Quando me encontrei com o Raul Seixas no Porto do Baé

Ilustração no estilo cubista de um cantor com violão e lendo um bilhete

Os anos noventa davam os seus últimos suspiros. Principiava o século XXI e a moçada local, assim como hoje, se aglomerava no Porto do Baé. Muitos iam lá porque era ali que extravasavam a oba...oba, disputavam um beijo da menina mais bonita ou do menino mais bonito e, claro, se embriagavam ao som de músicas que eram hits naquela época. Era bom quando havia algum show na recém-inaugurada "arena acústica", mas como é do conhecimento geral, ali só borbulhava e, ainda borbulha, alguma apresentação mesmo, apenas nos sequiosos meses do ano quando surge a aprazível praia. Nos outros meses o que se notava era a correria do Araguaia rumo ao Tocantins e a vastidão de mesas e latinhas nos quiosques, cada um com o seu público específico. Uns ostentavam o sertanejo, alguns o pagode, outros a MPB e, lógico, um ou outro oferecia o futebol ao vivo e via cabo. O rock começava a se emudecer por aquelas paragens.

Minha turma andava meio caída, mutuamente, o relacionamento amoroso e o projeto de viver da arte de muitos de nós, fracassaram. De repente porque o mundo adulto e capitalista batia à porta com voracidade.
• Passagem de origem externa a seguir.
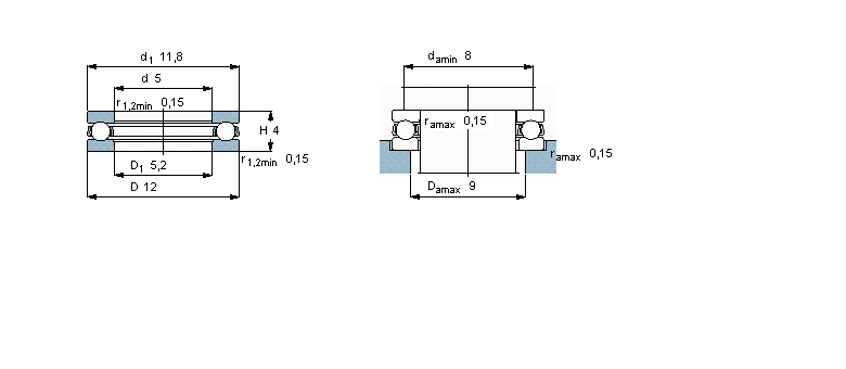| 推力球軸承, 單向 | |||||||||||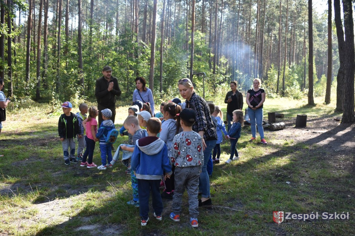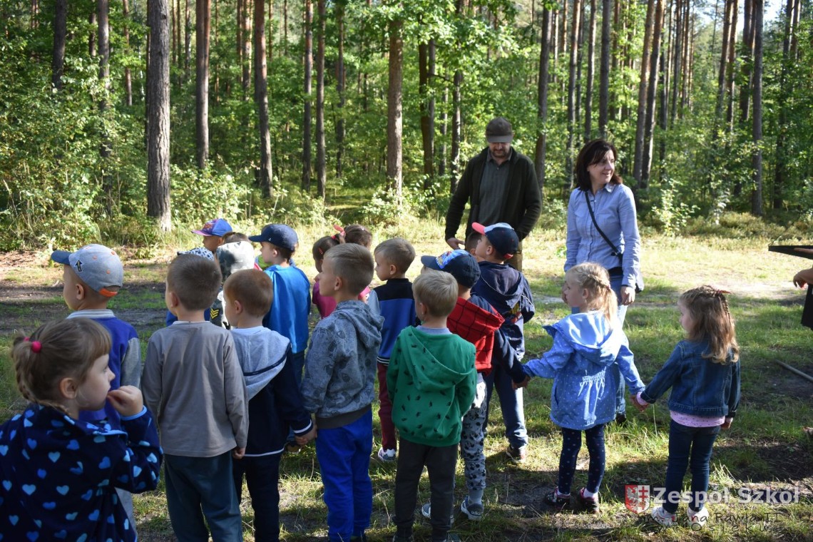 Dnia 12 września br. przedszkolaki z grupy 5 latki A i B wraz z opiekunami pojechały na wycieczkę do lasu do Pliskowoli gdzie spotkały się z podleśniczym Nadleśnictwa Staszów panem Cezarym Frankiewiczem.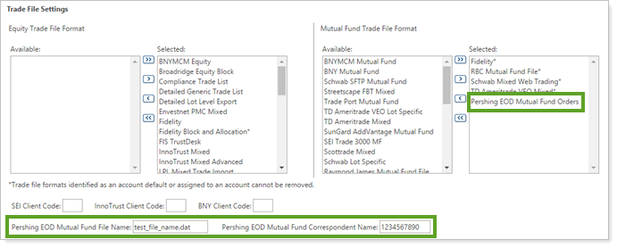 To accompany this trade file, we've also included two new fields on the System Settings page. Contact Pershing to find out more about how to configure the Pershing EOD Mutual Fund File Name and Pershing EOD Mutual Fund Correspondent Name fields.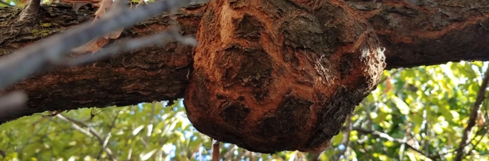 Client's Request: I'm a trapper in the Ag Department. We have been looking for plum bud gall mites in the county. I recently came across this plum tree with a huge growth or gall, it's 8" long and 7" wide on the underside of a branch, the tree is around 15 years old. Homeowner wants to know what it is and what should be done about it. The tree is in Pittsburg. Any ideas?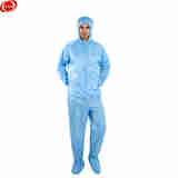 谋福 静电四连体服无尘服洁净服 车间实验室工作连帽连体服 蓝色 S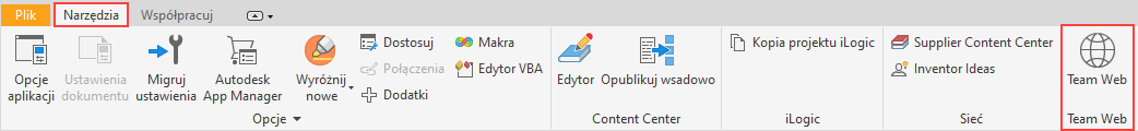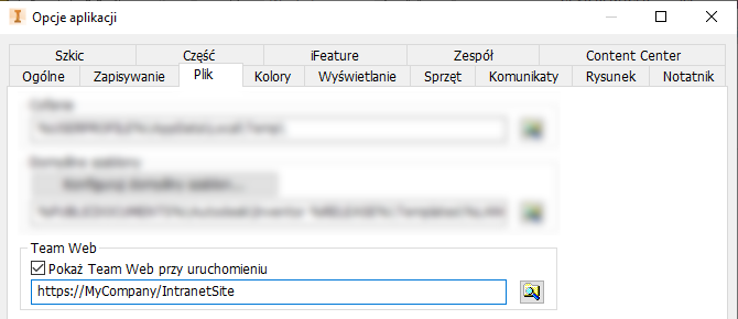 Zaznacz pole wyboru, aby zastąpić ekran początkowy narzędzi głównych programu Inventor określoną stroną Team Web.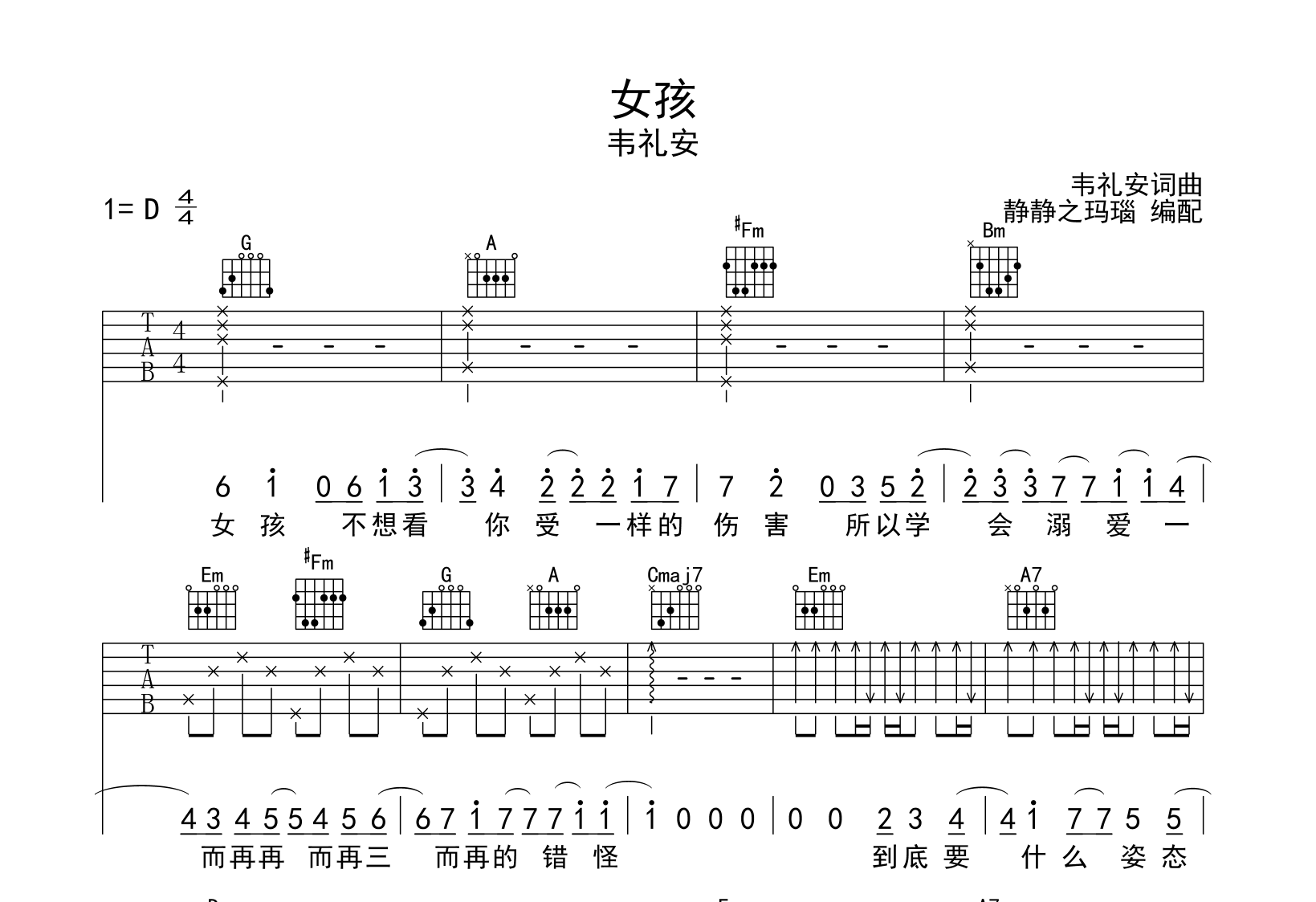 女孩吉他谱 - 韦礼安 - D调吉他弹唱谱

Alguns arrumaram as malas e fugiram para a capital mais próxima atrás de um emprego e os que ficaram por aqui assim como os que partiram, desfizeram as suas bandas, engavetaram seus inacabados livros, artesanatos e quadros. Enfim, o sonho abaixou a guarda para levar uma bofetada: a busca por grana na laboral competição por detrás de um balcão, sobre os selins das bicicletas, assentos de motos ou num piso de fábrica qualquer... afim do sustento e da conclusão do curso universitário que corresponderia às necessidades do mercado... Alicerce para o futuro. Deveras, a vocação hibernaria!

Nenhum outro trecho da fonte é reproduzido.